The couple walked across the street to a small park area with four benches and two open top steel cooking grills. The park showed recent neglect; the grass and weeds hadn’t been mowed recently, and the trash barrels overflowed. After sitting in the shade, Sam questioned JR while Smokey chased and returned a ball, “You’ve been too quiet since our shootout. Want to talk about it . . . need to talk about it?”
She sat silently pensive for several long seconds. “Three days ago, I never dreamed I’d ever have to kill another human; it was something completely alien to my nature. Shooting was something I learned only because it pleased my dad and fit my tomboy bent. . . . I planned to go dancing last Saturday night. That didn’t happen. Minutes after leaving work, I learned my family members were zombies, and I was running from dead people. Dead people are supposed to stay dead and be buried.” Turning toward Sam, she continued, “I don’t disagree with shooting those people; they forced it and deserved it. On one level I accept it was necessary and want to move on. But still I question why it had to happen . . . happen to me. I didn’t ask for it, didn’t do anything to cause it, didn’t want or plan to do it.” Her hands nervously fidgeted in her lap, fingers entwining with each other. “Trying to please my dad by being the son he didn’t get made me tougher than other girls; hell, I’m tougher emotionally and physically than most guys I know. But that’s the outside image of me. I’m still an emotional, caring woman inside; I’m not Bonnie Parker. Killing people is a huge step away from cussing too much, throwing a football, and being a tomboy.” She took the slobbery ball from Smokey and tossed it again. Wiped her fingers on her pants.
JR was silent for several beats. Sam made as if to speak, but she waved him off and shook her head. “I’m still working on how I feel about killing one person and wounding another so badly he likely died. I’m accepting it happened and feel sure I’ll be able to live with it in the future. But how many other assholes will force me to use violence against them to ensure our safety? I don’t want to become a cold blooded killer, but I sense that’s coming. I heard a saying kill or be killed somewhere in the past. I guess it will become the mantra of the zombie survivors because if they hesitate, they’ll not be survivors for long.”

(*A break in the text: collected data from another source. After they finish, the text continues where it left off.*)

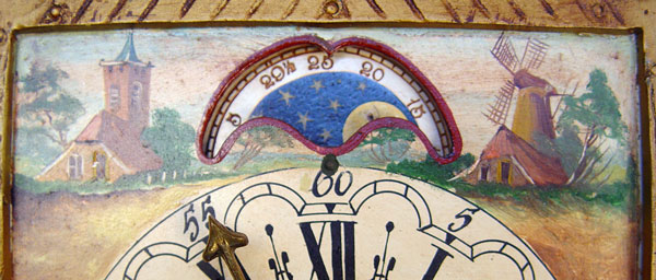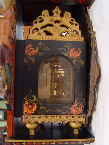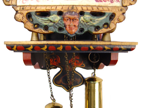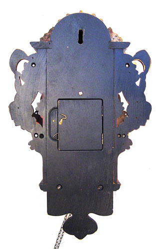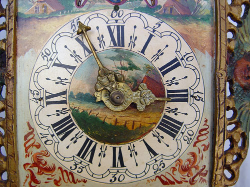 WUBA WAG ON THE WALL CLOCK: Polychrome metal ornamentation, hand painted dial, weight driven. 18''. x 10'' x 6''.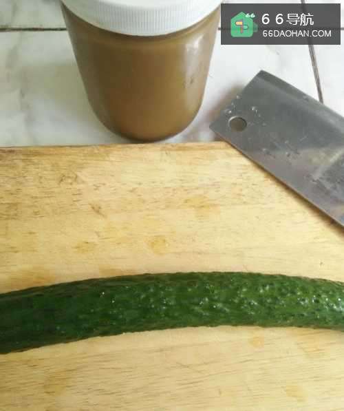 准备一根黄瓜和芝麻酱。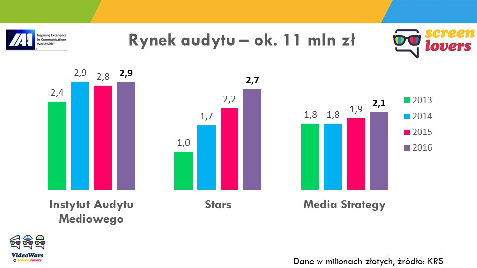 Rynek audytu mediowego ma obecnie wartość 11 mln zł – pokazują szacunki ScreenLovers na podstawie danych o przychodach lokalnych firm audytorskich. Największy w gronie lokalnych audytorów pozostaje Instytut Audytu Mediowego z 2,9 mln zł przychodów, a największą dynamikę wzrostu utrzymuje Stars, którego przychody wzrosły o ponad jedną piątą.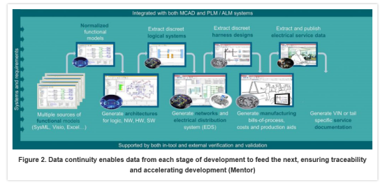 强大的数据模型对实现 MBSE 流程来说极其关键,在这一流程中,数据从定义到制造再到服务的过程中会保持连续性。这种连续性使电气分配系统 (EDS)、网络和软件开发各个阶段的工作数据为能够为下一步的流程服务(图 2)。这样贯穿开发流程的数字主线提高了工程师管理和变更的能力。由于每个领域都在同一数字主线中运作,工程师们可以在进行设计变更之前先充分了解其可能产生的全部影响,变更一旦通过验证,就能在相关的领域和设计中迅速执行。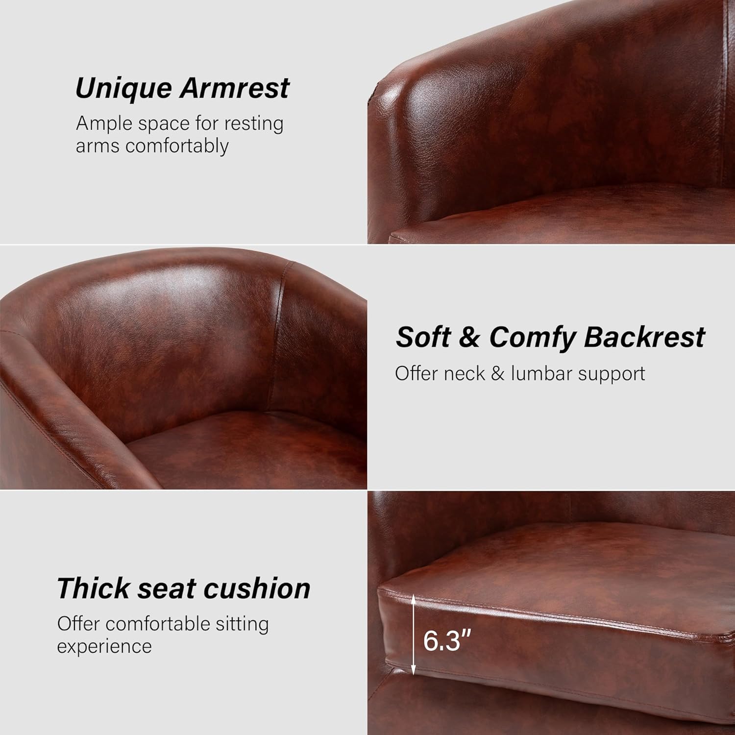 Swivel Barrel Chair, Modern Round PU Leather Accent Armchair for Living Room, Bedroom, Oversized Comfy Club Reading Chairs for Adults (Leather Red Brown, Set of 1)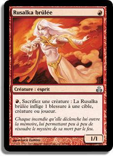 , Sacrifiez une créature : La Rusalka brûlée inflige 1 blessure à une cible, créature ou joueur.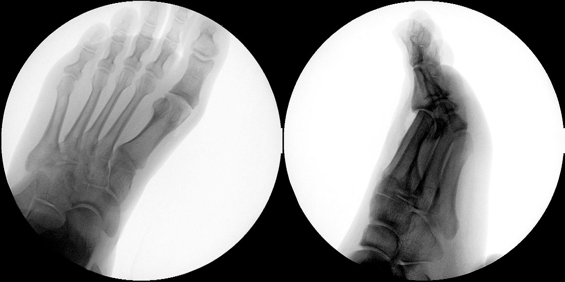Röntgenaufnahme des Fußes in drei Ebenen unter Belastung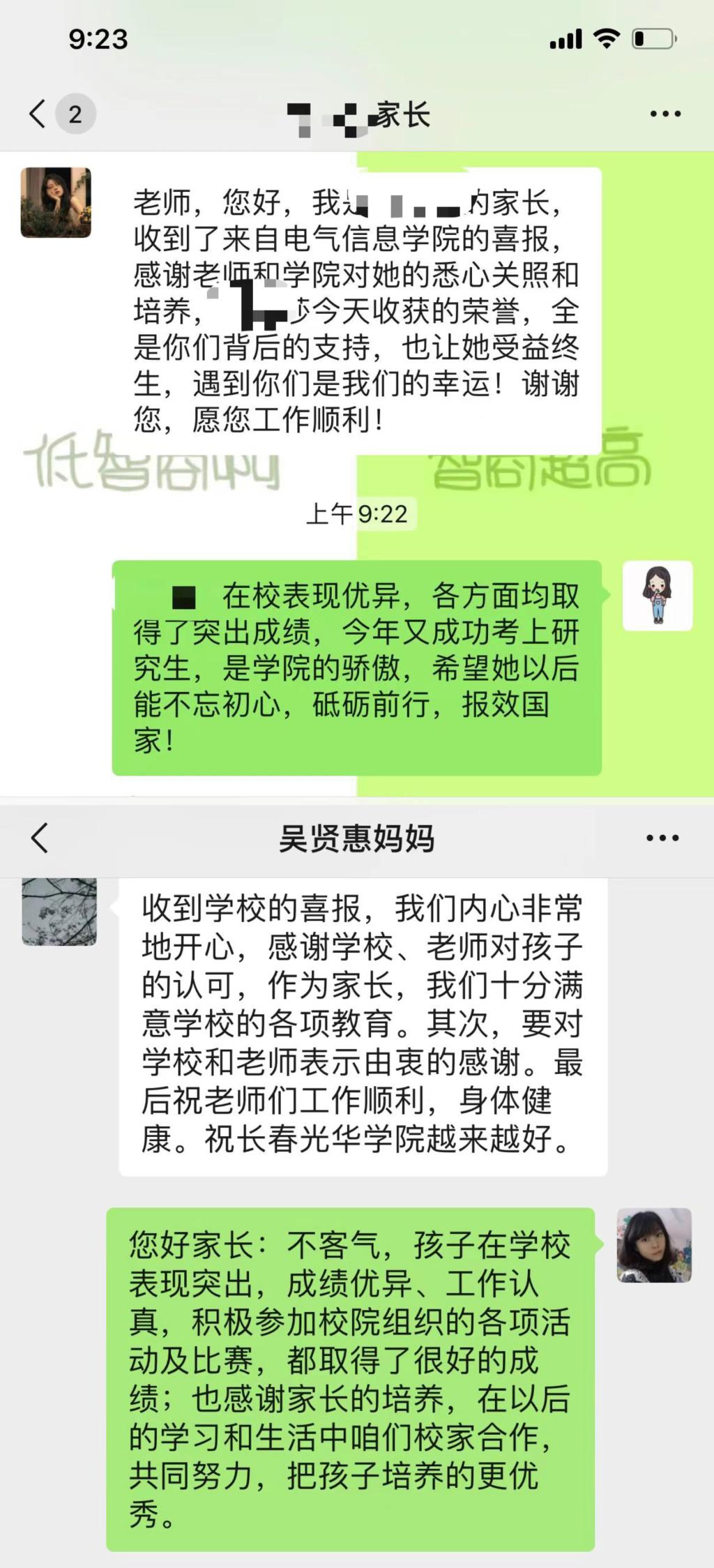 本次喜报寄送的范围为在校期间荣获多个奖项及2019级成功考取研究生的25名开云kaiyun官方网站优秀学子,寄发至浙江、山东、江苏等省份的学生家长和所在生源中学。收到喜报后,学生家长和所在高中老师分外惊喜和自豪,纷纷表达了喜悦及感谢之情。他们表示,感谢学校对孩子四年来的培养与关爱,孩子的成长和进步离不开长春光华学院老师们的关怀与教导,感谢学校、感谢老师!祝长春光华学院桃李芬芳,蒸蒸日上!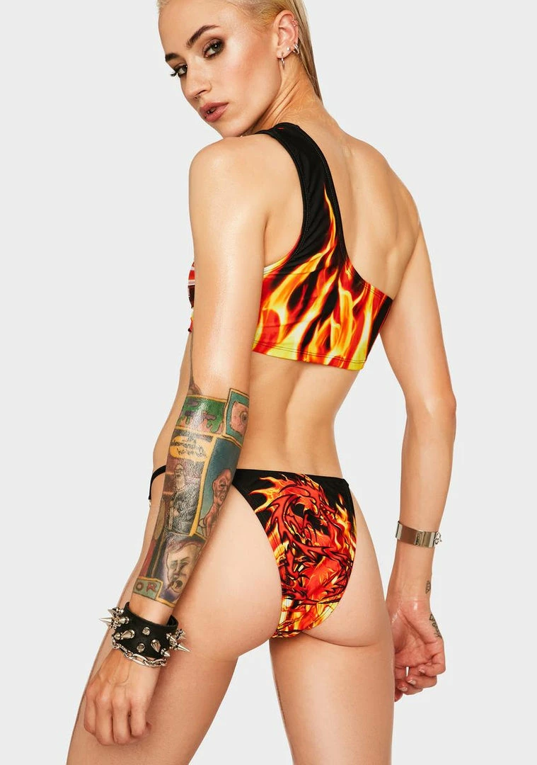 will turn up the heat! These flaminΓ’ΒΒ hot bikini bottoms have a high leg cut, O-ring details, and an all over flame & racecar print.
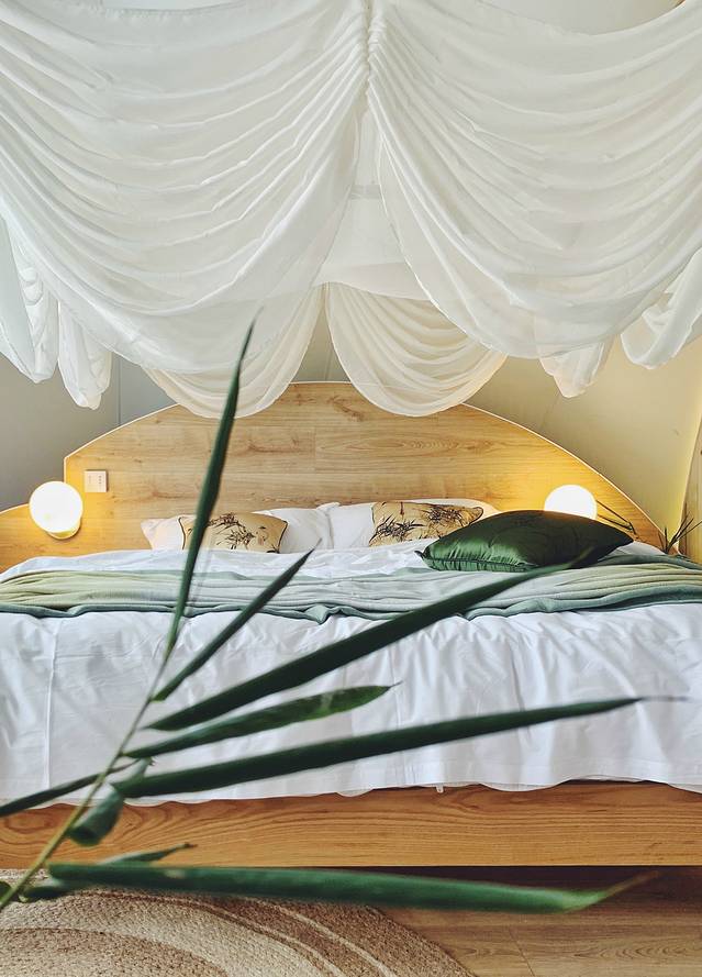房间的空间并不多,最主要的就是一张床,白色的温柔床幔,草绿的毯子,原木色小床头柜和浅色地毯,温馨舒适,配上门外的绿色,呼吸着新鲜空气,简直是健康生活的标配。独处时开一盏温暖的灯,坐在床边,读一本喜欢的书,听听音乐,等困意来袭,就可以顺利入睡。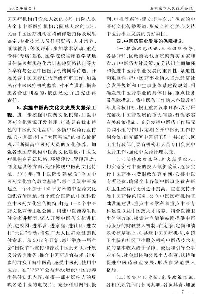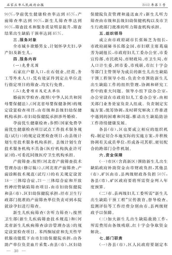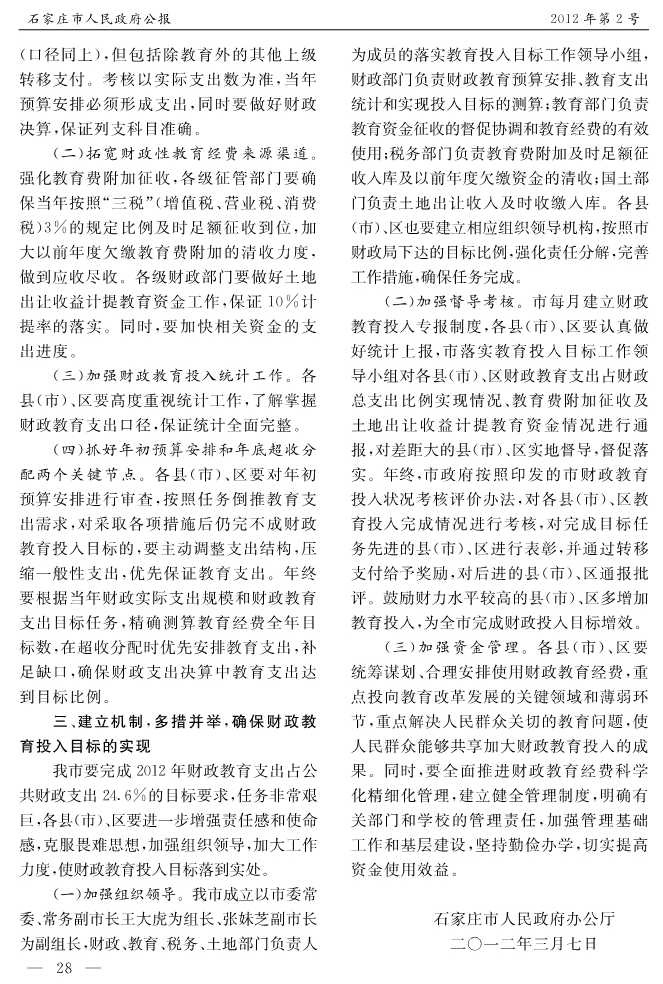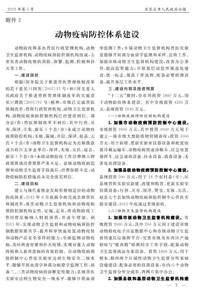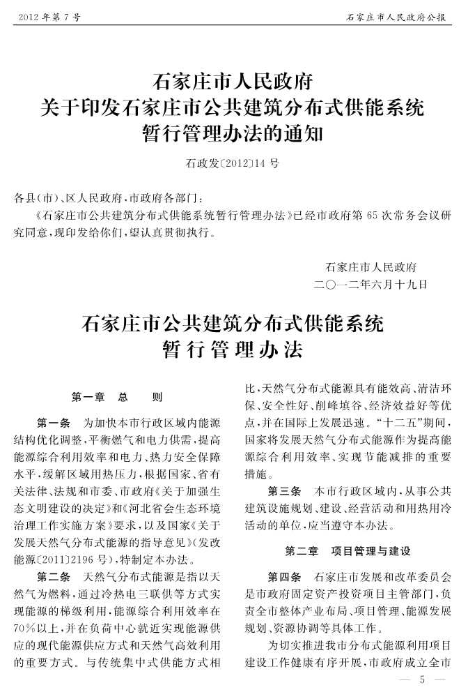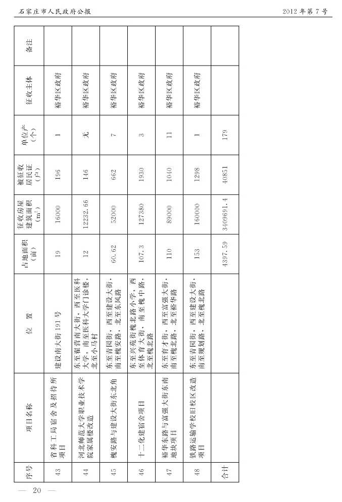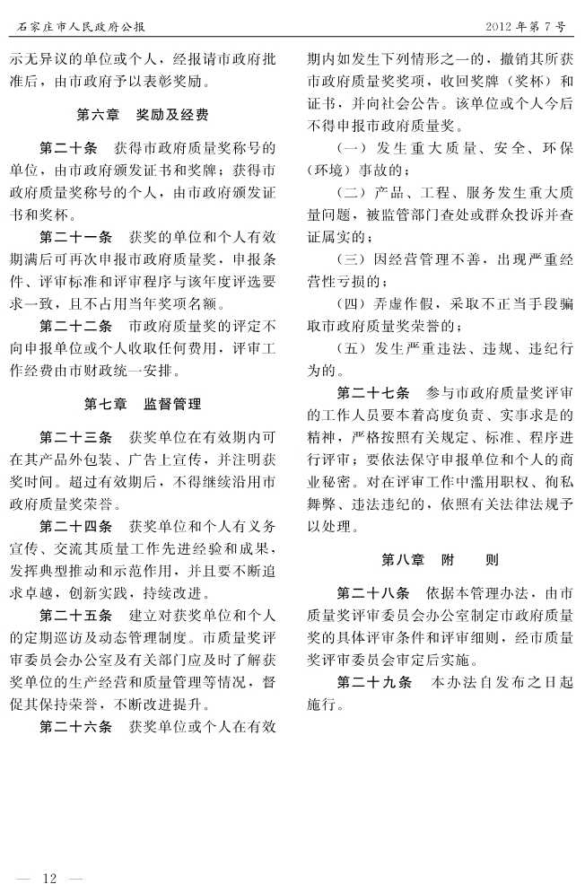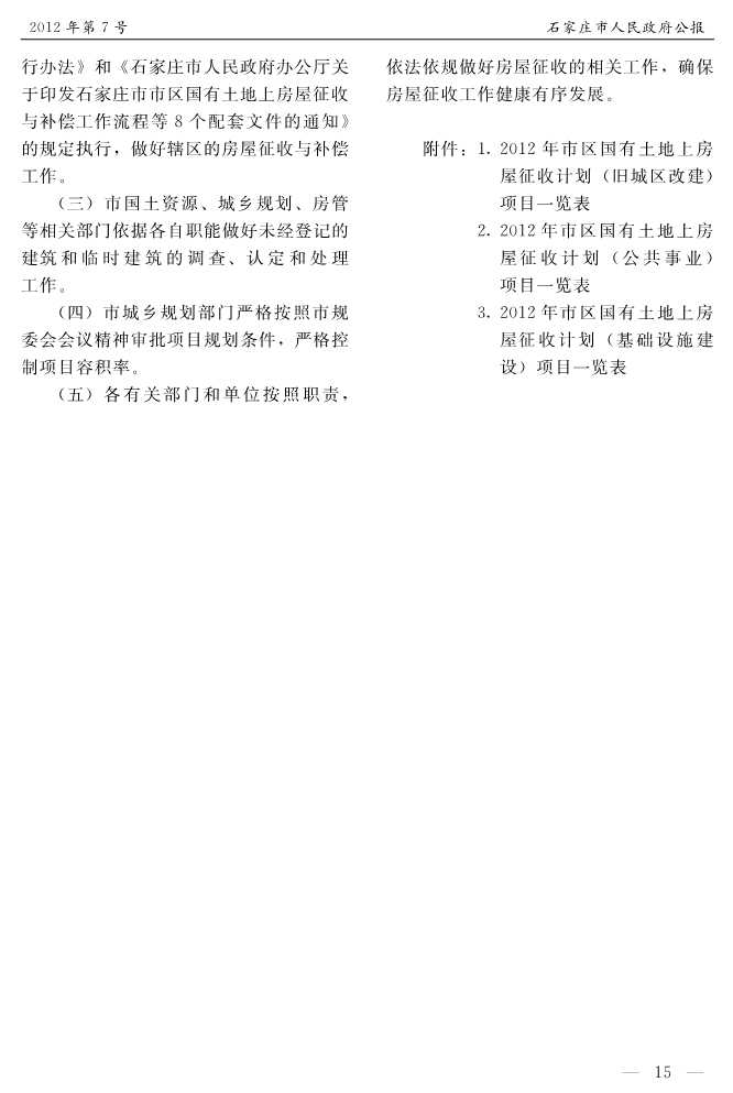石家莊市人民政府公報2012年第7號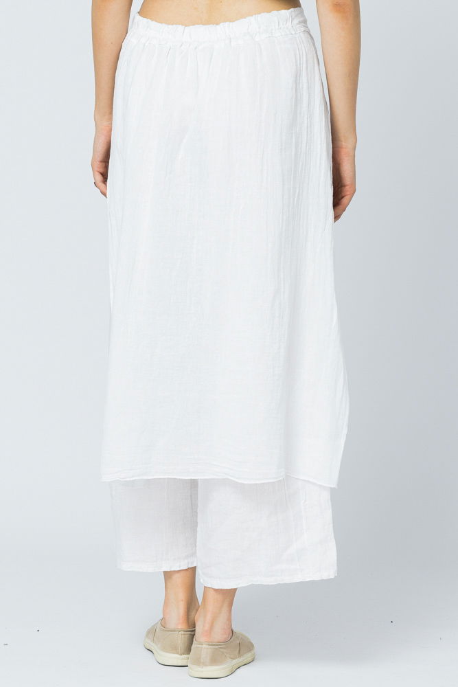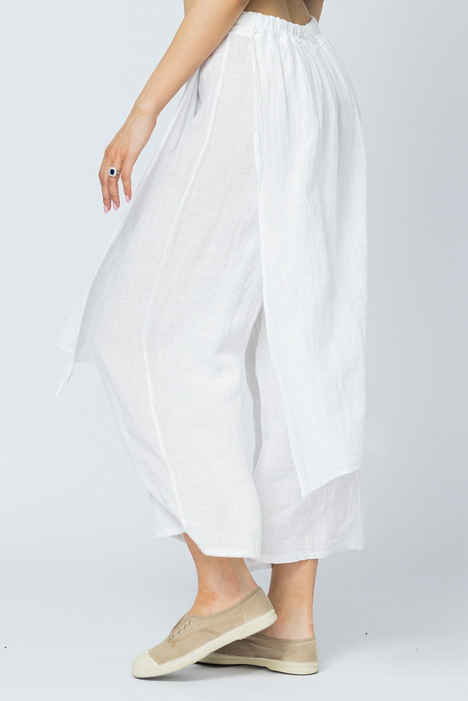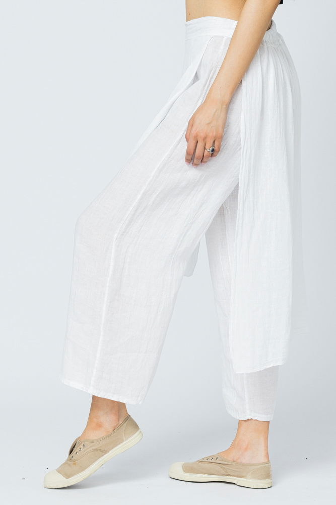 Shopika Pantaloni de vara din in, cu aplicatii pe fata si spate, albi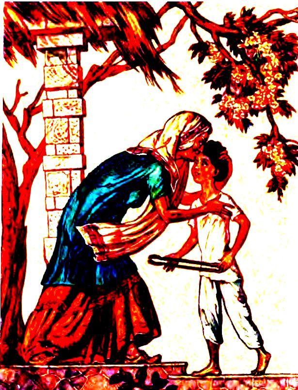 Ганги нагнулась, чтобы взять кувшин, как вдруг в доме господина тхакура открылась дверь. Даже пасть тигра не была бы для Ганги страшнее, чем эта открытая дверь.
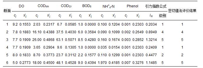 2008年圖們江干流6個(gè)斷面的6項(xiàng)地表水水質(zhì)指標(biāo)監(jiān)測(cè)數(shù)據(jù)cj(唐立新等,2010),以及由式(1)和式(2)計(jì)算得到的指標(biāo)規(guī)范值x′j如表 5所示.對(duì)斷面2和3,采用式(13)對(duì)引力指數(shù)值進(jìn)行加權(quán)計(jì)算;其余斷面在視指標(biāo)為等權(quán)的情況下,用式(10)和式(12)計(jì)算得到各監(jiān)測(cè)點(diǎn)水質(zhì)引力綜合指數(shù)值,并根據(jù)表 3中3類陸地水體的引力綜合指數(shù)值的分級(jí)標(biāo)準(zhǔn)做出水質(zhì)類別判斷結(jié)果(表 5).表 5中還列出了參考文獻(xiàn)(唐立新等,2010)中用密切值法作出的評(píng)價(jià)結(jié)果.可以看出,利用引力普適指數(shù)公式和用密切值法對(duì)6個(gè)斷面水質(zhì)做出的評(píng)價(jià)結(jié)果,完全一致.

Sam placed his hand on her arm and squeezed lightly. “I wish I could help you. I don’t even know where to start. It’s similar but not exactly like that for me. I know for certain those people had to be shot and killed to be stopped. What I didn’t expect was the feelings of knowing what had to be done up against the actual taking of those lives. Yet at the same time, I accept it will need to be done again in the future if we are to live and keep the material items we need to survive. But my feelings don’t help you deal with your issues.”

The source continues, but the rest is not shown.